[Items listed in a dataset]
▼▼▼

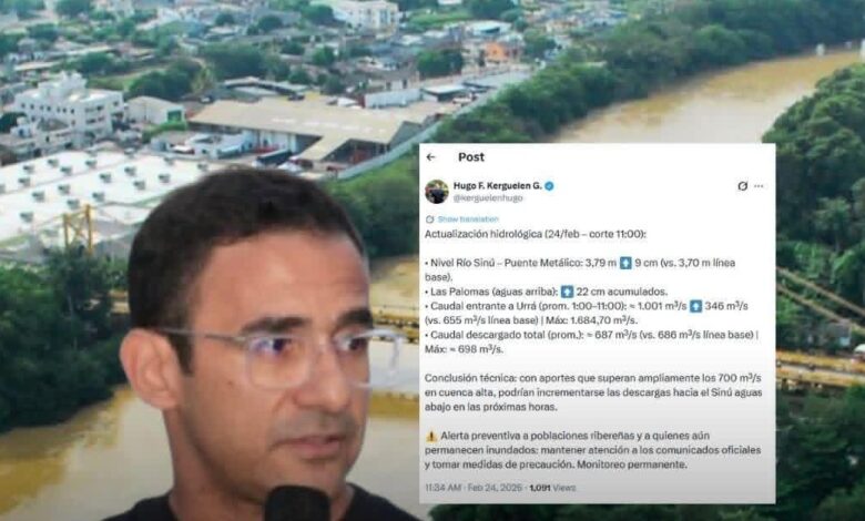 El alcalde de Montería, Hugo Kerguelén, informó a través de su cuenta oficial en X una nueva actualización hidrológica con corte a las 11:00 a.m. de este 24 de febrero, en la que se evidencia un incremento en los niveles y caudales del río Sinú.
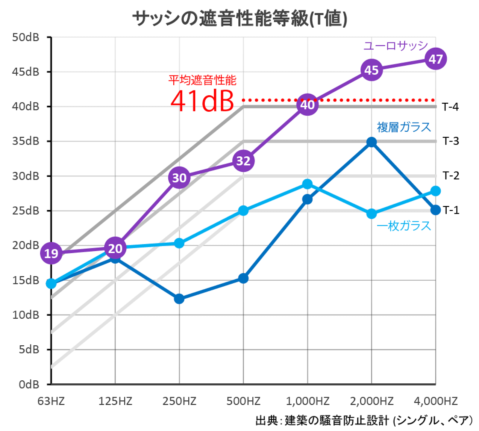 このdB(デシベル)とHz(ヘルツ)が理解できると、ウェルネストホームの標準仕様であるユーロサッシの性能が分かりやすく把握できると思います。
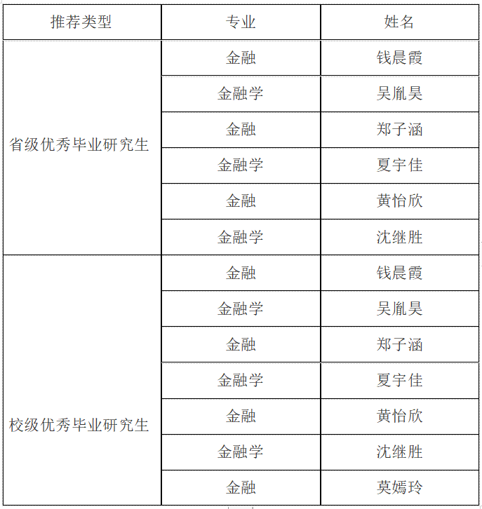 根据《浙江省教育厅办公室《关于确认2022届浙江省普通高等公司优秀毕业生的通知》(浙教办函〔2021〕319号)和《云顶7610线路检测研究生荣誉称号评定办法》(浙财大〔2014〕91号)文件精神及云顶7610线路检测党委研究生工作部关于做好2023届省级、校级优秀毕业研究生评定工作的通知,经员工自主申请、评审委员会初评认定,产生2023届省级、校级优秀毕业研究生推荐名单,现进行二次公示:
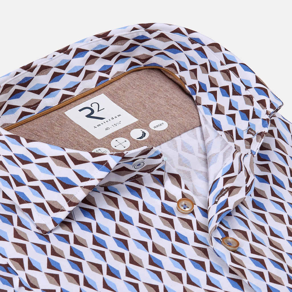 Made from 100% cotton, this shirt provides a comfortable and breathable fit. The widespread collar offers a timeless look, while the classic geometric print adds a unique touch to the design. Perfect for casual outings, this shirt blends style and comfort.
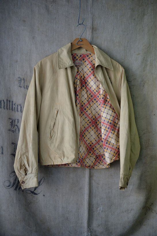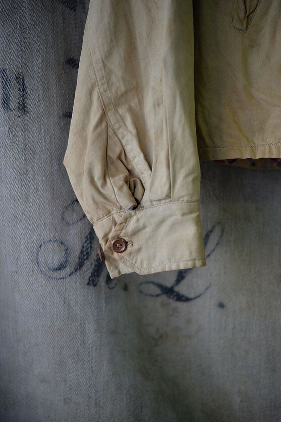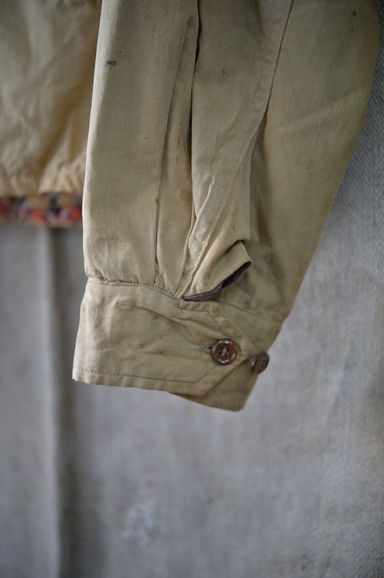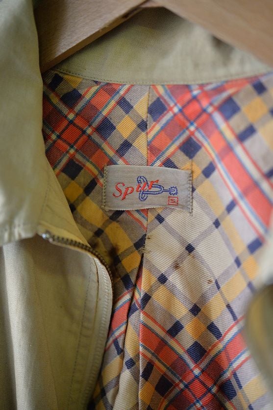 マテリアルはコットンで薄手です。ライニングはチェック柄。バックヨークとセンタープリーツがあります。サイズアジャスター付き。
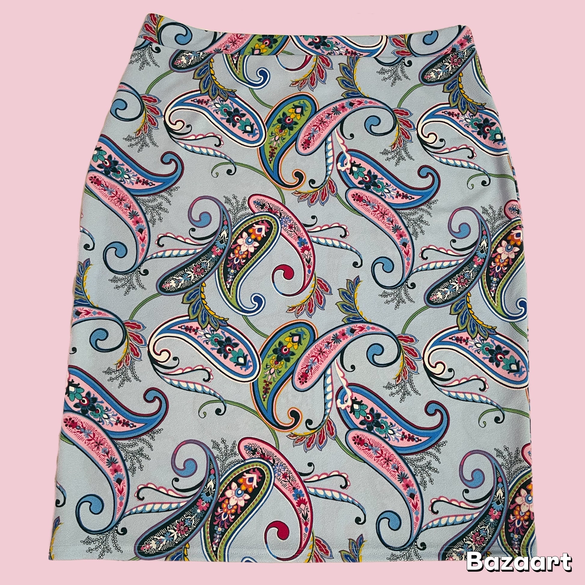 Here's a sweet new print!! This precious paisley print is great so pretty! Our classic skirt is made with a yoga waistband. Our skirts are handmade to order. They are 26" but can be made longer upon request. You can also request an elastic waistband. Please allow up to 3 weeks for your order to ship.
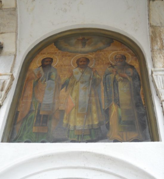 Οι Τρεις Ιεράρχες στο υπέρθυρο της εισόδου του ομώνυμου μητροπολιτικού ναού της Σκιάθου
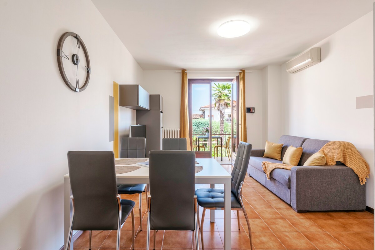 Inmersa en los olivos del lago de Garda, la residencia Allegra se encuentra a solo unos pasos del centro de Lazise, de fácil acceso a pie o en bicicleta. En el apartamento B de un dormitorio en la planta baja hay un dormitorio doble, una sala de estar con cocina con sofá cama y un porche cubierto donde puedes relajarte y disfrutar de una copa de vino. Entre las diversas comodidades encontrarás: aire acondicionado y calefacción, TV por satélite, wifi, caja fuerte, barbacoa, estacionamiento cubierto privado y una hermosa piscina.

▲▲▲

> What you are asked to do
From the line that contains "Οι Τρεις Ιεράρχες" down to the last line of the entries above, copy every line exactly and leave out the pictures.

> Task result
 Οι Τρεις Ιεράρχες στο υπέρθυρο της εισόδου του ομώνυμου μητροπολιτικού ναού της Σκιάθου
 Inmersa en los olivos del lago de Garda, la residencia Allegra se encuentra a solo unos pasos del centro de Lazise, de fácil acceso a pie o en bicicleta. En el apartamento B de un dormitorio en la planta baja hay un dormitorio doble, una sala de estar con cocina con sofá cama y un porche cubierto donde puedes relajarte y disfrutar de una copa de vino. Entre las diversas comodidades encontrarás: aire acondicionado y calefacción, TV por satélite, wifi, caja fuerte, barbacoa, estacionamiento cubierto privado y una hermosa piscina.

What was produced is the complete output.